793.94/13623: Telegram
The Consul General at Hankow (Josselyn) to the Secretary of State
[Received August 5—12:25 a.m.]
The pronounced pessimism of Chinese civil and military officials noticeable during the past weeks concerning the progress of Sino-Japanese hostilities has been modified by the recent Manchurian border disturbances.51 The hope of third power intervention on behalf of China is now at its liveliest. The more so because a major conflict between Japan and the Soviet Union promises, with a shift of the main theater of Japanese operations to the northeast, the possibility of a relaxation in fighting Japanese, the uncompromising and exacting character of which warfare is most uncongenial to the temperament of the average high Chinese official.
A Russo-Japanese war at the present time would however tend to split the Chinese united front, a large portion of the Kuomintang being more anti-Russian than anti-Japanese.

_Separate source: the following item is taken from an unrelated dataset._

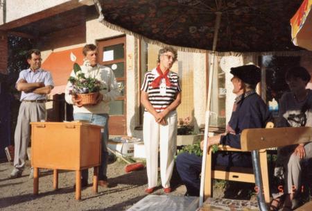 | 99-åriga Johannes Påfs ( född 15.5.1894, dog 26.8.1993) uppvaktas med blommor vid en ceremoni vid byabutiken år 1993. | 21.5.1995 |
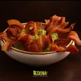 Crema de quesos, salsa picante, jalapeños, guacamole, cebolla frita y patatas caseras

The Communists and Leftist member of the Kuomintang therefore view the split in the northeast with mixed feelings, fearing a recrudescence of domestic dissension. [Page 254] From the point of view of the Chinese Reds the most advantageous moment for a Russo-Japanese war would be after the Japanese capture of Wuhan when the Central Government may be expected to be critically weakened and the Communists relatively strengthened through a continuation of the process whereby the Central Government has been losing the principal lines of communications and cities to the Japanese and the remainder of the territory behind the Japanese lines to the Communists.
Repeated to the Ambassador, Peiping, Shanghai. Shanghai please repeat to Tokyo.